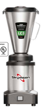
LC2 / LC3 / LC4 LIQUIDIFICADOR COMERCIAL INOX, COPO MONOBLOCO INOX
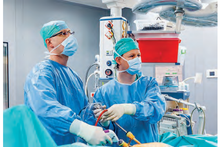
Součástí nemocnice je dnes 12 lůžkových oddělení a 25 ambulancí.
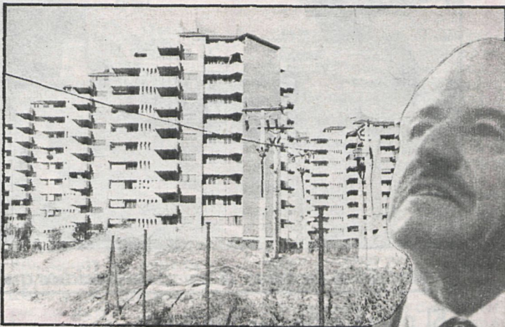
Proyecto de ley de protección oficial a la vivienda
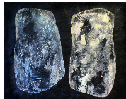
Dve torza, komb.technika, 1963, 120x80 cm ▲
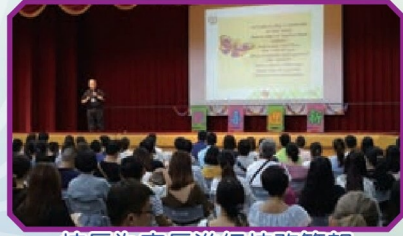
校長為家長進行校務簡報

__________

(WHAT IS REQUIRED) Print every entry exactly as written, without the pictures.

(TASK RESPONSE)
LC2 / LC3 / LC4 LIQUIDIFICADOR COMERCIAL INOX, COPO MONOBLOCO INOX
Součástí nemocnice je dnes 12 lůžkových oddělení a 25 ambulancí.
Proyecto de ley de protección oficial a la vivienda
Dve torza, komb.technika, 1963, 120x80 cm ▲
校長為家長進行校務簡報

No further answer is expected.